Chams reported ₦429.4m profit after tax in Q1 2026 on ₦4.2bn revenue. Card and biometrics hardware drove sales, not fintech fees.
Chams, a Nigeria-based identity and payments infrastructure group, recorded ₦429.4 million profit after tax for the three months ended March 31, 2026. Revenue for the quarter was ₦4.2 billion, up from ₦3.87 billion a year earlier.
The revenue mix shows where the business is strongest. Data card products contributed ₦1.8 billion, which was the largest line item. Biometrics equipment, counting machines, and sorting hardware generated another ₦1.6 billion. These are mostly hardware and project sales, meaning revenue can be lumpy and tied to contracts.
Fintech-facing, more recurring lines were much smaller. Payment gateway fees contributed ₦1.6 million. BVN sales and maintenance brought in ₦1.9 million. Pension verification services, including “I’m Alive” and the Kegow product, generated a combined ₦23.5 million.
Costs moved in Chams’ favour. Cost of sales fell to ₦2.87 billion from ₦3.09 billion, while revenue rose, lifting gross profit to ₦1.33 billion from ₦775.5 million. Administrative expenses increased to ₦866.7 million from ₦542.5 million, driven largely by payroll costs.
Profit before tax was ₦522.8 million. Of total profit after tax, ₦324.5 million was attributable to owners of the parent company and ₦104.9 million went to non-controlling interests.

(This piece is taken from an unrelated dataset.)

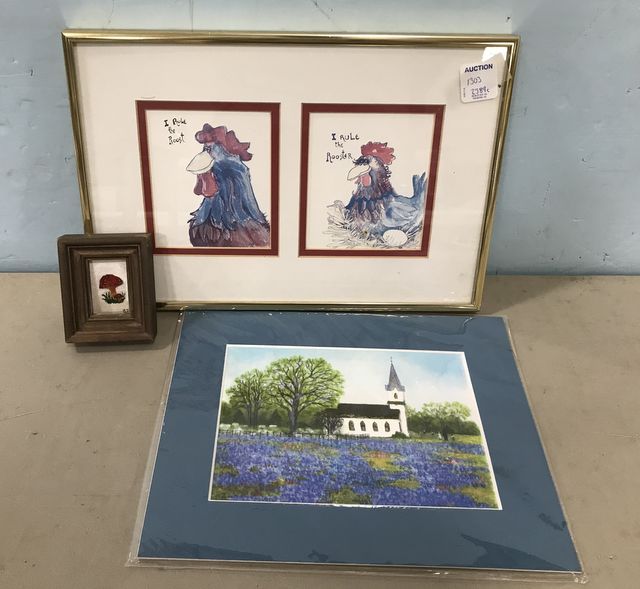 1303 I Rule the Roost Print, Ruth Jank Print, and Small Mushroom Painting

Chams is not a consumer brand, but it sits under widely used identity and payments systems in Nigeria. Results like this matter for operators and fintech partners because they signal how stable and profitable key infrastructure suppliers are.
The numbers also highlight a strategic tension. Chams’ “pipes” include payment and identity services, but its biggest revenue still comes from physical cards and biometrics hardware. Recurring revenue from payment gateways and verification services remains small, which can make earnings more sensitive to project cycles and procurement timelines.
If Chams grows its recurring fees, it could reduce that volatility. For now, this quarter shows margin improvement and cost control can still deliver strong profit growth, even without big fintech service revenue.